## Provided data

= Beginning of Section =

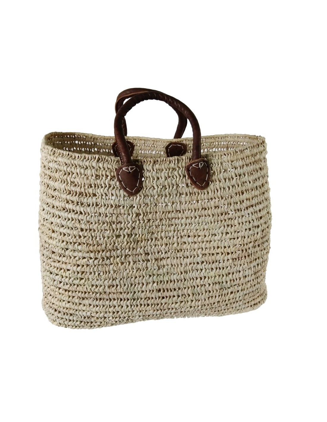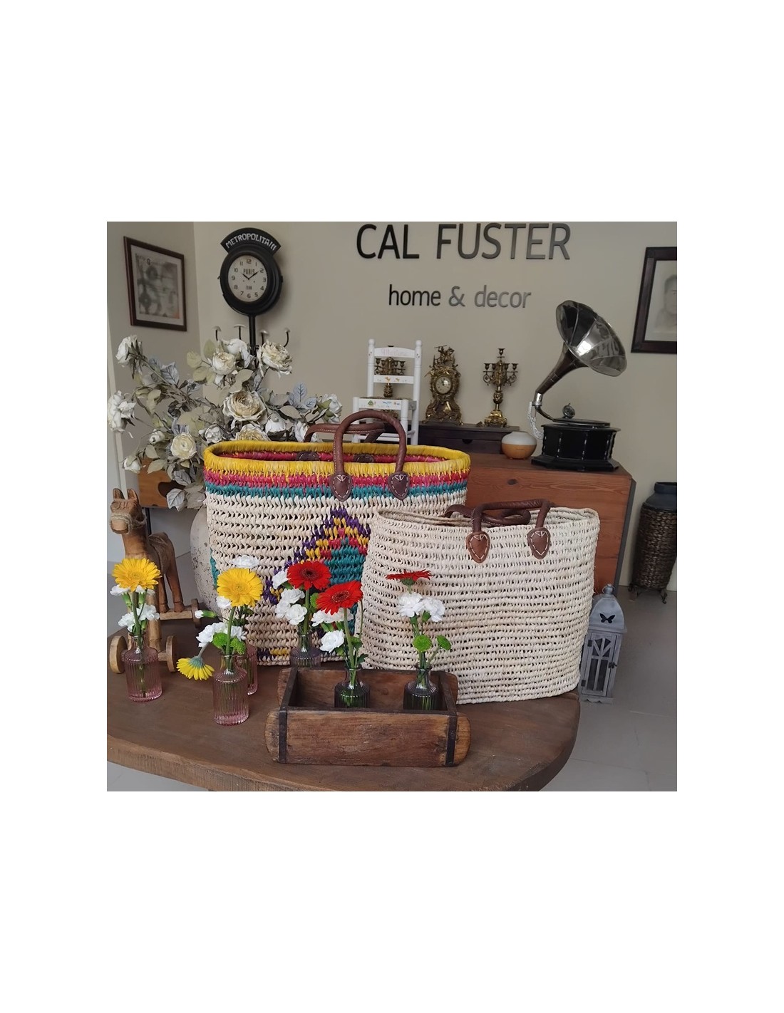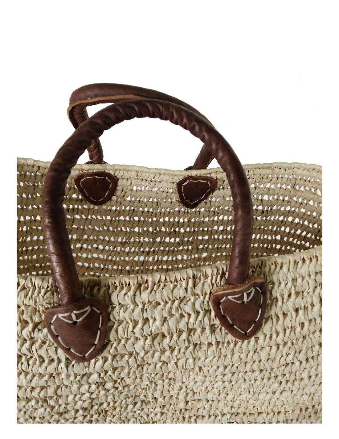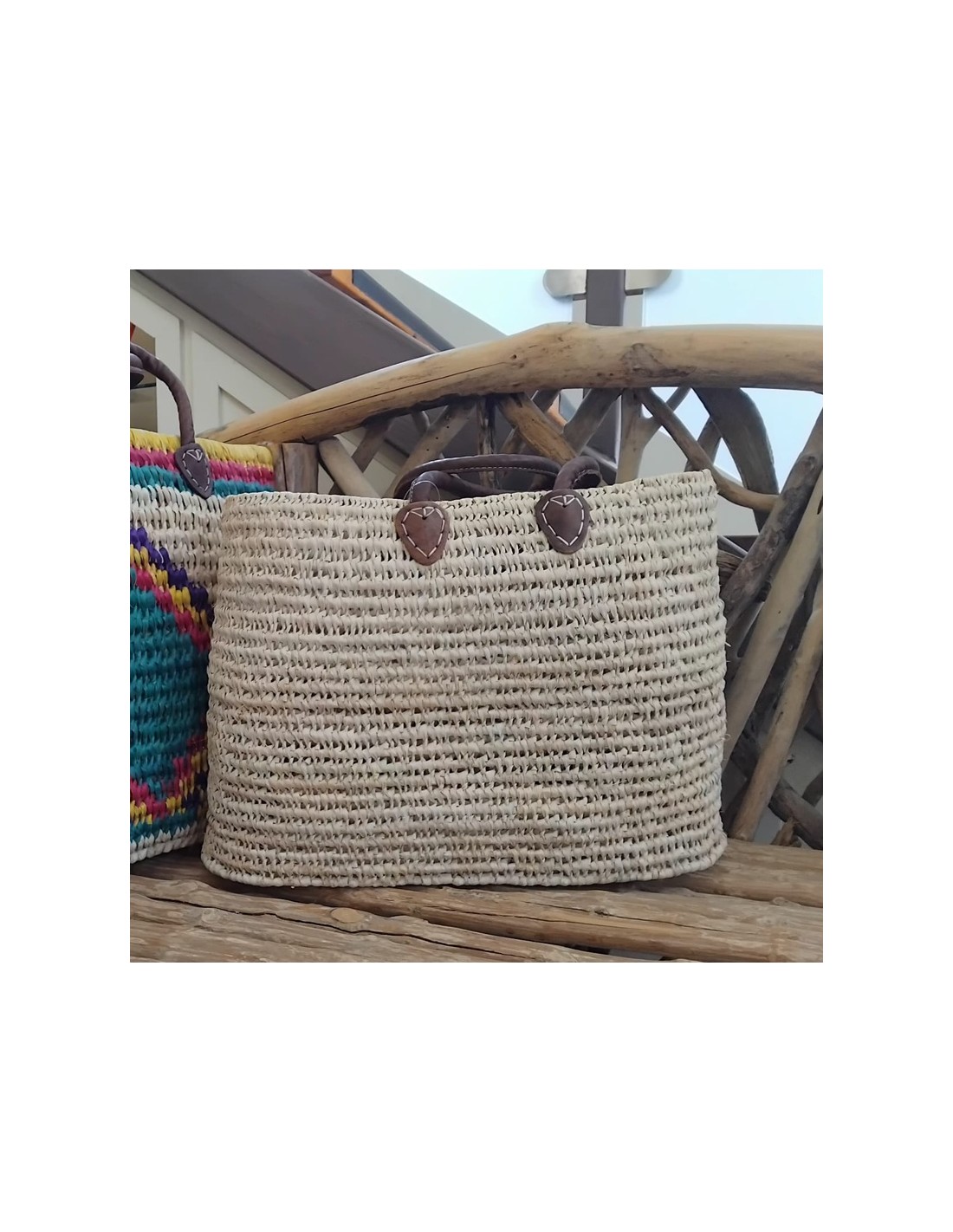 Una cistella gran, teixida a mà al palmell natural, amb nanses de cuir. Ideal per a la compra, la platja o com a regal funcional i amb estil.
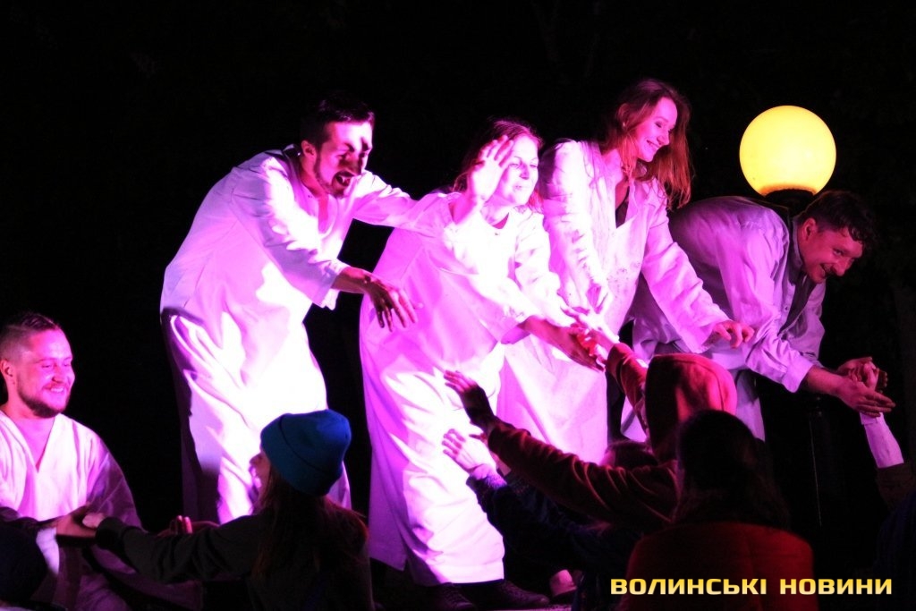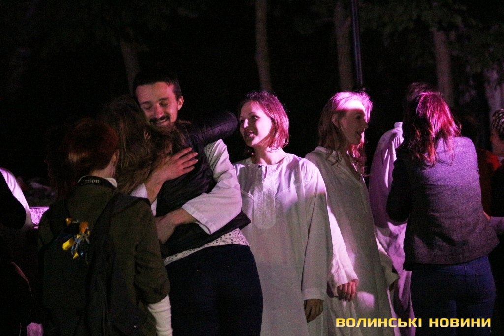 Ішов додому з ТЕатрального майдану з друзями й бачили це "дійство", одним словом -Жах. Почали ті артисти в білих ночнушках скакати по галявині, тягати возика з кавою, БЕЗВЕРБНИЙ З дівками обніматись, мацати їх за сіднички. Ми не проти коли в хлопця сексуал бажанння, але на публіці не варто так нестримувати себе. РЕшта з них під гитару почали горланити пісні для зівак й попивати винце в білих стаканчиках. Ось реальнт і пройшло дійство. Тому робімо висновки. Яка культура в ЛУцьку
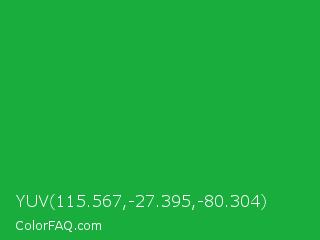 YUV 115.567,-27.395,-80.304 Color is a normal green color and the nearest color is Green Pantone #00ad43. Hex code #18ad3c and RGB value is rgb(24,173,60). In RGB color space, this color is composed of 9% red, 68% green, 24% blue, In CMYK color space, this color is composed of 86% cyan, 0% magenta, 65% yellow , 32% black , In HSL color space, this color has a hue angle of 134° , 76% saturation and 39% lightness.
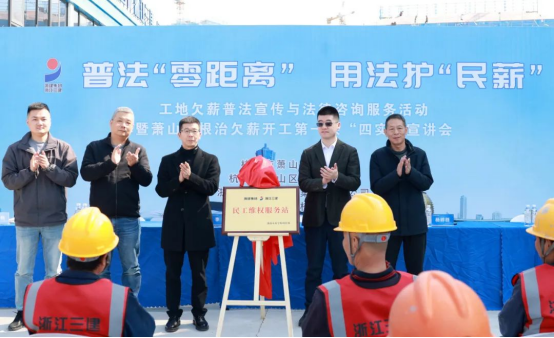“普法先行,杜絕欠薪,讓農民工勞有所得!”近日,普法“零距離”用法護“民薪”|工地欠薪普法宣傳與法律咨詢服務活動在浦南未來學校項目部開展。臨浦鎮黨委委員、副鎮長徐瑋韜,蕭山區教育局、浙江省三建建設集團、蕭山城區建設、鎮勞動保障站相關負責人,項目建筑工人等參加。
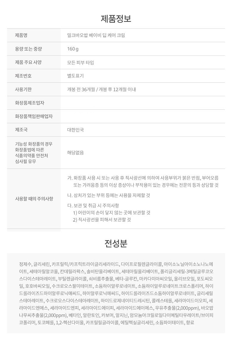Milk Baobab Baby Highly Moisturizing Hypoallergenic Deep Care Cream 160g
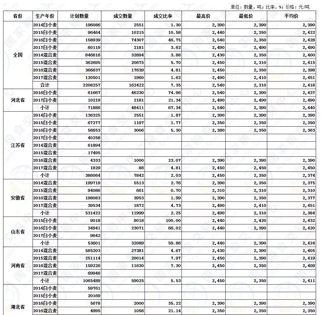 其中首次开拍的2017年小麦计划销售18.06万吨,实际成交0.41万吨,成交率2.29%。国标三等销售底价为2410元/吨,相邻等级价差40元/吨。山东、河南、湖北竟然零成交。
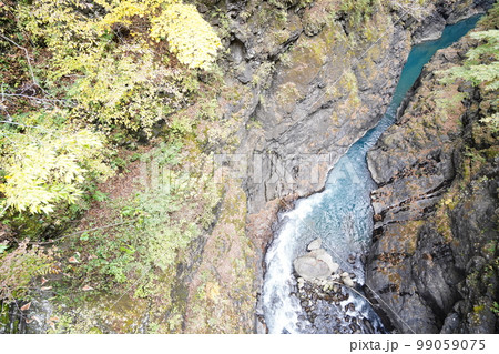 群馬県 秋の吾妻峡 八ッ場ダム下流の紅葉台橋からの吾妻峡の眺め 2022年11月4日
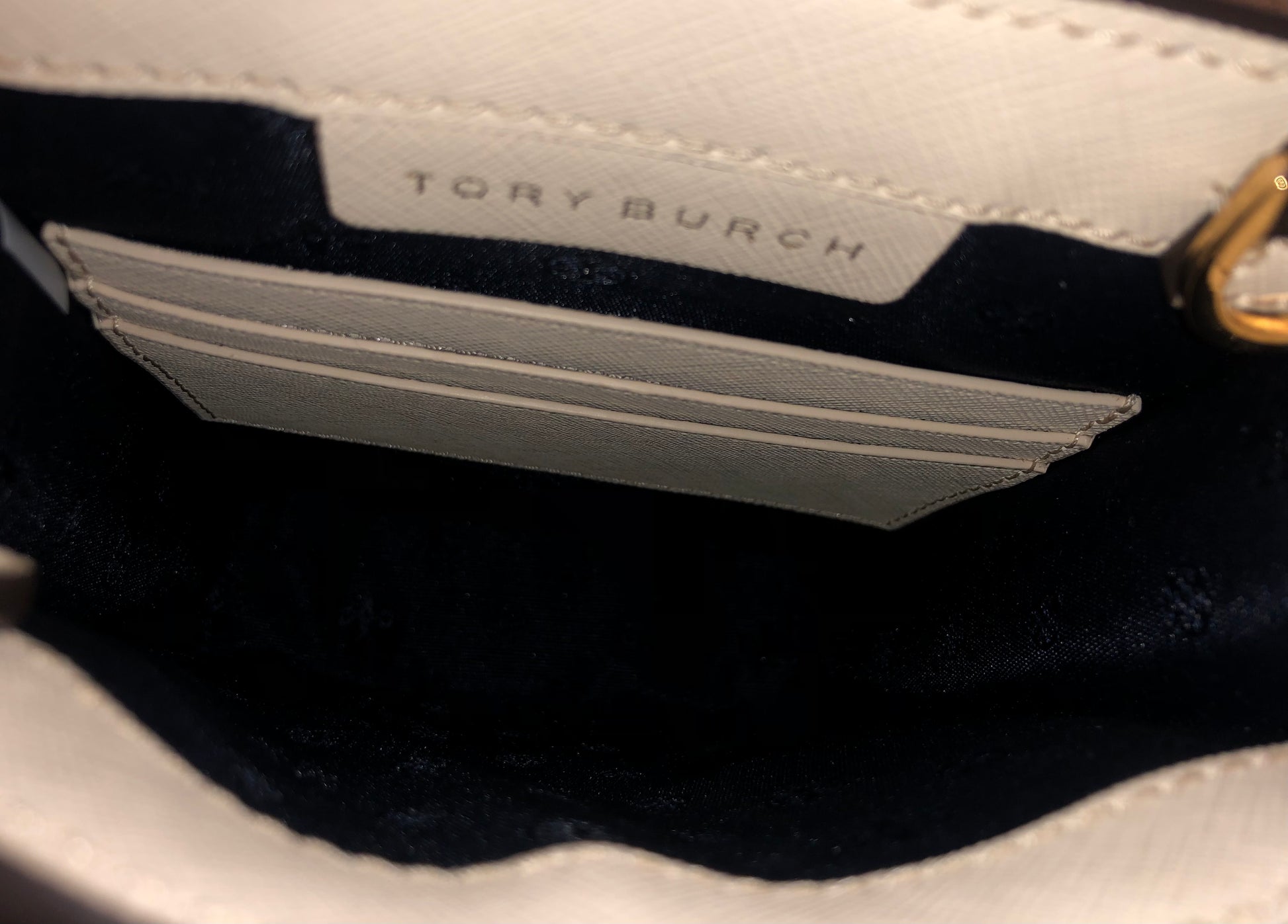 Signature Tory Burch fabric-lined interior

= End of Section =

## Task item
Starting with the line that holds "Milk Baobab Baby", return each line exactly through the final line of the entries above; pictures are not part of the output.

## Answer section
Milk Baobab Baby Highly Moisturizing Hypoallergenic Deep Care Cream 160g
 其中首次开拍的2017年小麦计划销售18.06万吨,实际成交0.41万吨,成交率2.29%。国标三等销售底价为2410元/吨,相邻等级价差40元/吨。山东、河南、湖北竟然零成交。
 群馬県 秋の吾妻峡 八ッ場ダム下流の紅葉台橋からの吾妻峡の眺め 2022年11月4日
 Signature Tory Burch fabric-lined interior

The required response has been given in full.